» **What to do**: Give the number of lines in the data below where the string "from" occurs, and nothing else.

» **Entries supplied**:
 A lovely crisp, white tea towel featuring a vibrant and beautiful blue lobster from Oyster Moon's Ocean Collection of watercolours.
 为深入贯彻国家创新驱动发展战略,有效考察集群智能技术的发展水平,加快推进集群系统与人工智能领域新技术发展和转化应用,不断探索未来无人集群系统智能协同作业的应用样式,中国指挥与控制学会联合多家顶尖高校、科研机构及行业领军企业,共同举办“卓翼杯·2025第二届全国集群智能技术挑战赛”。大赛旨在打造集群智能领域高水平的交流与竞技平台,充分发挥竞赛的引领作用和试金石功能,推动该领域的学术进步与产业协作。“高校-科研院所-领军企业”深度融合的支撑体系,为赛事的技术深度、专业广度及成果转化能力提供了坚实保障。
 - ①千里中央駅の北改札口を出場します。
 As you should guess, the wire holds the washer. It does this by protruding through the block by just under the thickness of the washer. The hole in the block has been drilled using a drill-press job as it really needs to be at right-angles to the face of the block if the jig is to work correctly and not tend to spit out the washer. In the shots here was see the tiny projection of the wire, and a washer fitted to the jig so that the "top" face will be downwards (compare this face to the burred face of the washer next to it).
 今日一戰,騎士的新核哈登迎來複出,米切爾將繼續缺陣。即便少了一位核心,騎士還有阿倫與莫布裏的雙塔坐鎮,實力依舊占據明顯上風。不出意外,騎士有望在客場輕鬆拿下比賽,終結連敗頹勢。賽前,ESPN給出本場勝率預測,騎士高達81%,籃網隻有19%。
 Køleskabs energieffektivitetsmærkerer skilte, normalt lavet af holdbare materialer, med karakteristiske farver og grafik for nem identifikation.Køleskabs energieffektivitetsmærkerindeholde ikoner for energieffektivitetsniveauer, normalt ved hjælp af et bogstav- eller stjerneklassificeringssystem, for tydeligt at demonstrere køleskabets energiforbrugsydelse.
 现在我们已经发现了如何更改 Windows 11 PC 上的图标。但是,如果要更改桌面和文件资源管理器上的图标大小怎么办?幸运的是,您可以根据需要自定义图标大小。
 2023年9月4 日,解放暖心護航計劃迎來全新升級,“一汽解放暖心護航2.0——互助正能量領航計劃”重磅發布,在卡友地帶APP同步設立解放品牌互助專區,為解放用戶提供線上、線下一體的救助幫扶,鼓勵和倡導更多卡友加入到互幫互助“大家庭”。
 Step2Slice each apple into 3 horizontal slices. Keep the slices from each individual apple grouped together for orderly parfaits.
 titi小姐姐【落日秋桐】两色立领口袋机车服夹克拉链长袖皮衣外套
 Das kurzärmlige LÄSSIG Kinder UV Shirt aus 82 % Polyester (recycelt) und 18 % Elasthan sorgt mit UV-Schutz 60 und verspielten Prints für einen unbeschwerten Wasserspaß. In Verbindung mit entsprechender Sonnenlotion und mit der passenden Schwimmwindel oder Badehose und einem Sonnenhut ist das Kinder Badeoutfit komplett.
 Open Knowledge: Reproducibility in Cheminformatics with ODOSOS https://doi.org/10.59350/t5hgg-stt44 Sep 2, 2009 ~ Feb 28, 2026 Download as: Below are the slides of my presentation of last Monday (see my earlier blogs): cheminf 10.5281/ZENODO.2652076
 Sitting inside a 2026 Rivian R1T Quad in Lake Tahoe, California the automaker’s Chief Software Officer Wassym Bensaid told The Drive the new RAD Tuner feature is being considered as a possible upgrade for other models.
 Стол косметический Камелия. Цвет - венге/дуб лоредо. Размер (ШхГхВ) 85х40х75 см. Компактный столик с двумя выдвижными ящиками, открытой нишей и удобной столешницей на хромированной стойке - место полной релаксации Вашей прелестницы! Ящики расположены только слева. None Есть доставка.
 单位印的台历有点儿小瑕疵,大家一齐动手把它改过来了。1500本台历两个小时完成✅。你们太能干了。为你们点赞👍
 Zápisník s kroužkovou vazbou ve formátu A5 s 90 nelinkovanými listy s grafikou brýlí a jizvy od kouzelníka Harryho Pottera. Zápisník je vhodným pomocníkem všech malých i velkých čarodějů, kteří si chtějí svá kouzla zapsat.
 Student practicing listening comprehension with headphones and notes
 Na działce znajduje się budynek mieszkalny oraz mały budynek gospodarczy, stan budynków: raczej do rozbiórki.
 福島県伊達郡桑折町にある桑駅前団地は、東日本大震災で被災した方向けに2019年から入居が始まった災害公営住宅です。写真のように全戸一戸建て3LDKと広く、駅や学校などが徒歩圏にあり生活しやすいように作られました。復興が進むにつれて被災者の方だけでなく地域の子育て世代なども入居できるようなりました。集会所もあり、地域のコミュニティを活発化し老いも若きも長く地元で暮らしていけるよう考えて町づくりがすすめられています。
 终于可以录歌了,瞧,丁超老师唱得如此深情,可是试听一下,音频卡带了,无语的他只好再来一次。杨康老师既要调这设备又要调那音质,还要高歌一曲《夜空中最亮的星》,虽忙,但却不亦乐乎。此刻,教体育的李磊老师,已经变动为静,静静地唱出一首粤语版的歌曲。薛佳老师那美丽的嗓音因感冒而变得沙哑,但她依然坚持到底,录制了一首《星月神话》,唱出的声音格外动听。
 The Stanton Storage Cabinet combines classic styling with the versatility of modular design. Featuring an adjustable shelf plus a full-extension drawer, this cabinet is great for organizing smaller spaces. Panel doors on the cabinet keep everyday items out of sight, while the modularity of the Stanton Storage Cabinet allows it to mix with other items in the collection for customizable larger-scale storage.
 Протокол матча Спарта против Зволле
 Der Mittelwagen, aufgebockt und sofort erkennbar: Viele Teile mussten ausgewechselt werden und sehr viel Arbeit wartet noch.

» **Response**: 2